Could you output the listing that follows exactly, without its images?

=== DATASET SECTION ===
——————————

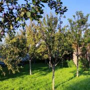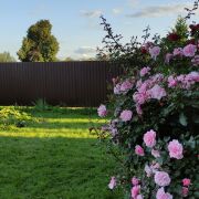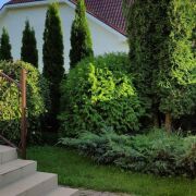 Вокруг дома очень красиво, на участке ландшафтный дизайн: дорожки выложены плиткой, высажены туи и другие декоративные растения. За домом есть аккуратная хозпостройка и сад. Все деревья (яблони, груши, сливы, вишни) и кусты - взрослые, плодоносящие. Ближе к концу участка расположены беседка и пруд, они образуют уютную зону отдыха.
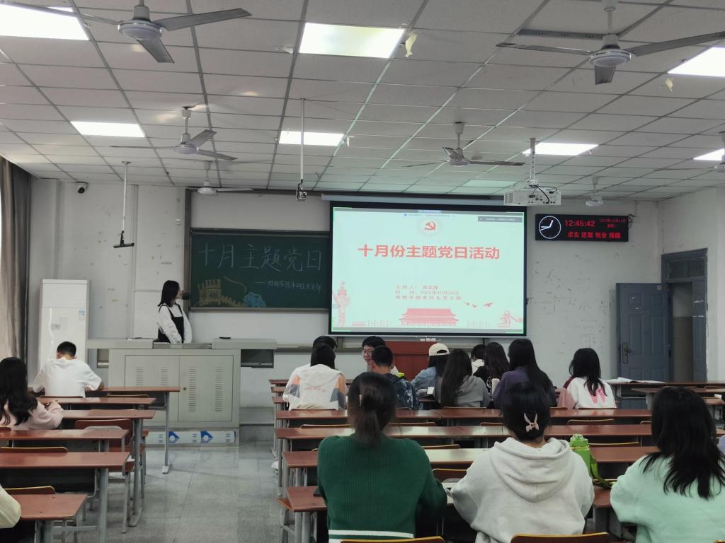 (通讯员 曾阳)为了进一步学习贯彻习近平新时代中国特色社会主义思想,地物学院本科生党支部于2023年10月24日中午12时30分于A103开展10月主题党日活动,本科生党支部全体党员共同参与了此次活动,会议由党支部书记董勤文同志主持。
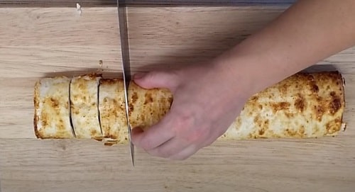 - Акуратно загорніть в рулет. Наріжте гострим ножем на шматочки.
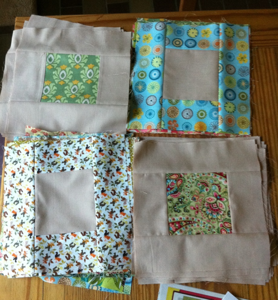 I finished the rest of the blocks for my bed runner last night. There are 56 eight-inch blocks total, using fourteen different prints, plus the solid, which JoAnn sells as a “tea dyed muslin”. I’m interested to see how the muslin washes up, because I was too lazy/impatient to wash it ahead of time. It doesn’t feel terrible off the bolt, but you wouldn’t want to curl up with it, either. I love the look of it, though, because it has little irregularities that you find in unbleached muslin. Because this isn’t a cuddly quilt, I decided to go with it.

——————————

=== FINISHED TASK ===
 Вокруг дома очень красиво, на участке ландшафтный дизайн: дорожки выложены плиткой, высажены туи и другие декоративные растения. За домом есть аккуратная хозпостройка и сад. Все деревья (яблони, груши, сливы, вишни) и кусты - взрослые, плодоносящие. Ближе к концу участка расположены беседка и пруд, они образуют уютную зону отдыха.
 (通讯员 曾阳)为了进一步学习贯彻习近平新时代中国特色社会主义思想,地物学院本科生党支部于2023年10月24日中午12时30分于A103开展10月主题党日活动,本科生党支部全体党员共同参与了此次活动,会议由党支部书记董勤文同志主持。
 - Акуратно загорніть в рулет. Наріжте гострим ножем на шматочки.
 I finished the rest of the blocks for my bed runner last night. There are 56 eight-inch blocks total, using fourteen different prints, plus the solid, which JoAnn sells as a “tea dyed muslin”. I’m interested to see how the muslin washes up, because I was too lazy/impatient to wash it ahead of time. It doesn’t feel terrible off the bolt, but you wouldn’t want to curl up with it, either. I love the look of it, though, because it has little irregularities that you find in unbleached muslin. Because this isn’t a cuddly quilt, I decided to go with it.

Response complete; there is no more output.